In an exclusive interview with Jon Wertheim, Jacobs admitted Halep's case was complex. He also proclaimed her innocence. To be fair, the CAS did not completely do away with Halep's suspension; they merely shortened it. Had Halep only served five months she would have still had to serve four more months.

The ITIA seems to not like Simona Halep and Carlos Alcaraz goes Netflix

Jacobs told Wertheim, "The case became super, super complicated. I can't even imagine how much money (the ITIA) spent prosecuting it. Cannot even imagine. I'm going to say it's at least $2 million because they had so many experts and they had so many lawyers and everything was fought."

Speaking of money, Netflix has a bunch of it and the streaming service appears set on spending even more of their dollars on Carlos Alcaraz. Netflix just paid Alcaraz a large amount of money to participate in the Netflix Slam in which he defeated Rafael Nadal. Whoever is in charge of Alcaraz's public relations team obviously has a connection with the streamer.

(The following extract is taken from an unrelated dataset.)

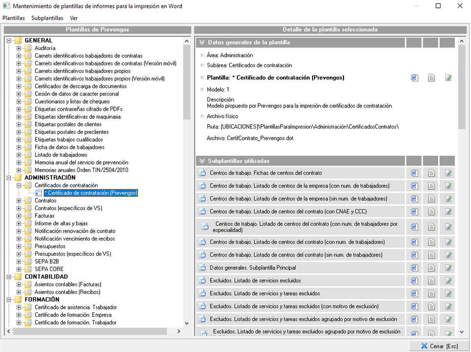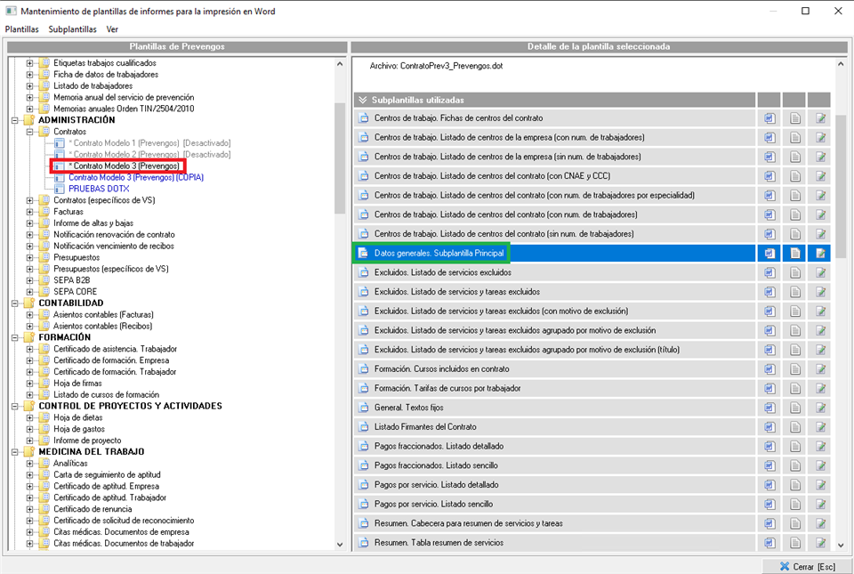 - Prevengos usará las subplantillas que necesite para montar el documento completo, es probable que haya subplantillas que no utilice. Esto dependerá de los datos que tenga el contrato que se imprime.

I say this because Netflix and Alcaraz announced on social media on Thursday that a new docuseries about the player will be forthcoming in 2025. Let's hope for two things, though. One is that Netflix produces the show better than it did Break Point. The other is that Alcaraz rounds back into the same kind of form he had in early 2023. That could happen as soon as Sunday when Alcaraz plays Daniil Medvedev in the Indian Wells final.